CodeSynthesis XSD/e 3.0.x released

XSD/e 3.1.0 was released a couple of days ago. In fact, we released 3.0.0 about two months ago but I haven’t talked much about it. This is because after the 3.0.0 release we got quite a bit of very positive feedback along with requests for additional, more advanced features that we promised to add but haven’t yet implemented. So we decided to do another quick iteration and release 3.1.0. In this post I will highlight what’s new in both XSD/e 3.0.0 and 3.1.0 (official announcements: XSD/e 3.0.0 and XSD/e 3.1.0).

Prior to the 3.0.0 release, XSD/e only supported the event-driven XML parsing/serialization mode where you had to process/supply data as the document was being parsed/serialized.
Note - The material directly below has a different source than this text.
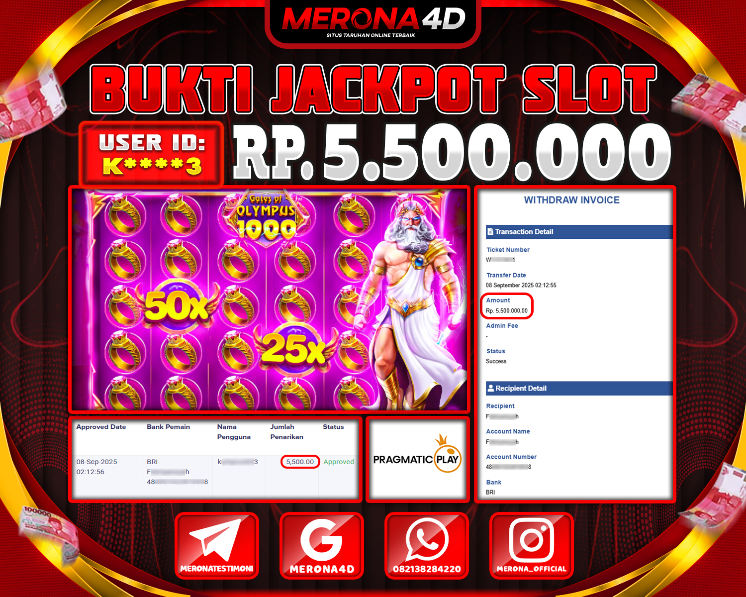 Selamat Kepada Member MERONA4D K****3 Telah Jackpot Di GATES OF OLYMPUS 1000

While this mode is particularly suitable for mobile and embedded systems due to low memory consumption, many users asked for an easier to use in-memory, tree-like representation of data stored in XML. As a result, XSD/e 3.0.0 shipped with a new XML Schema to C++ mapping: C++/Hybrid.
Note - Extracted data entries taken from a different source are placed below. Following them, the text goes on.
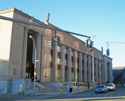 The federal building, completed in 1933, replaced an older Second Empire-style post office during a period of governmental expansion in the Great Depression.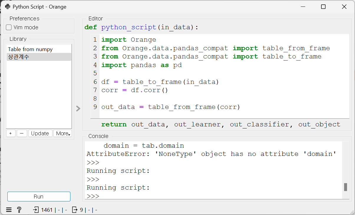 | 데이터 분석 워크숍(orange3 활용)#1 // 기술 통계, 정규화, 범주화, 숫자형 및 범주형 변환 (0) | 2023.09.09 |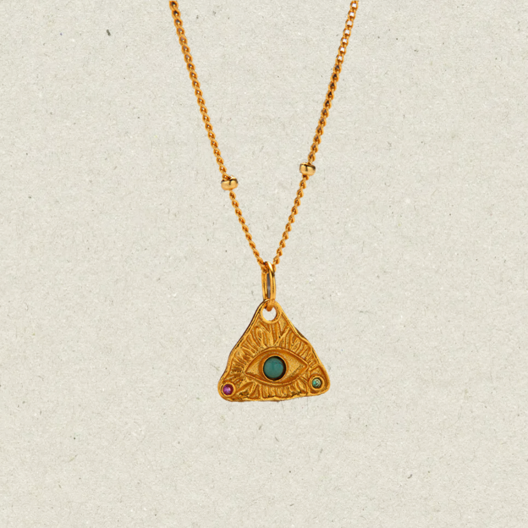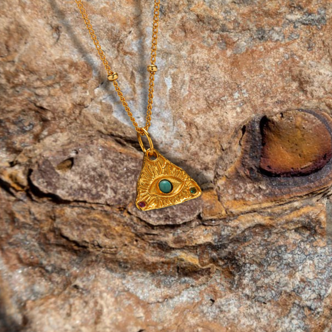 The pendant is triangular, a shape that can be associated with stability and strength. The central feature of the pendant is the eye. The eye is adorned with a central turquoise stone, flanked by smaller pink and green stones. These colors can represent a variety of concepts, from health and tranquility (turquoise) to love and compassion (pink), and growth or harmony (green).

There were a number of challenges that we had to overcome before introducing such a mapping into XSD/e. Unlike the general-purpose platforms, embedded systems are often severely constrained by the amount of memory available to the application. In fact, for single-purpose, massively-produced devices such as network modems the goal is to use as little RAM as possible since every megabyte not present in the device translates into huge savings for the manufacturer.
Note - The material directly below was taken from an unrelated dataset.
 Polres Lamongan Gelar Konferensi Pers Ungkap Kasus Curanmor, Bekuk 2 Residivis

Thus, the first goal of the new mapping was to provide an in-memory representation of XML data using the least amount of RAM possible. For example, we couldn’t adopt the approach used in C++/Tree, our general-purpose in-memory mapping, where each node in the object model is allocated dynamically, because it wastes too much memory in extra pointers, heap management data, etc. At the same time we couldn’t allocate everything statically either since the copying involved in passing by value may be too expensive for some objects. As a result, the C++/Hybrid mapping divides all types into two categories: fixed-length and variable-length (if you are familiar with the IDL to C++ mapping in CORBA, you probably recognize the concept). Fixed-length types are allocated statically and returned by value while variable-length types are allocated dynamically and returned as pointers. This approach minimizes the memory usage while avoiding expensive copying. Consider the following schema fragment as an example:

<complexType name="point_t">
  <sequence>
    <element name="x" type="float"/>
    <element name="y" type="float"/>
    <element name="z" type="float"/>
  </sequence>
</complexType>
 
<complexType name="series_t">
  <sequence>
    <element name="value" type="int" maxOccurs="unbounded"/>
  </sequence>
</complexType>
 
<complexType name="measure_t">
  <sequence>
    <element name="point" type="point_t"/>
    <element name="series" type="series_t"/>
  </sequence>
</complexType>

The corresponding C++/Hybrid object model is shown below:

  // point_t (fixed-length)
  //
  class point_t
  {
  public:
    float x () const;
    float& x ();
    void x (float);
 
    float y () const;
    float& y ();
    void y (float);
 
    float z () const;
    float& z ();
    void z (float);
 
  private:
    float x_;
    float y_;
    float z_;
  };
 
  // series_t (variable-length)
  //
  class series_t
  {
  public:
    typedef pod_sequence<int> value_sequence;
    typedef value_sequence::iterator value_iterator;
    typedef value_sequence::const_iterator value_const_iterator;
 
    const value_sequence& value () const;
    value_sequence& value ();
 
  private:
    value_sequence value_;
  };
 
  // measure_t (variable-length)
  //
  class measure_t
  {
  public:
    const point_t& point () const;
    point_t& point ();
    void point (const point_t&);
 
    const series_t& series () const;
    series_t& series ();
    void series (series_t*);
 
  private:
    point_t point_;
    series_t* series_;
  };

In the above example the point_t class is fixed-length and contained by value in the measure_t class. In contrast, series_t contains a sequence of ints which makes it variable-length (and expensive to copy). Instances of this class are dynamically allocated and stored as pointers in measure_t.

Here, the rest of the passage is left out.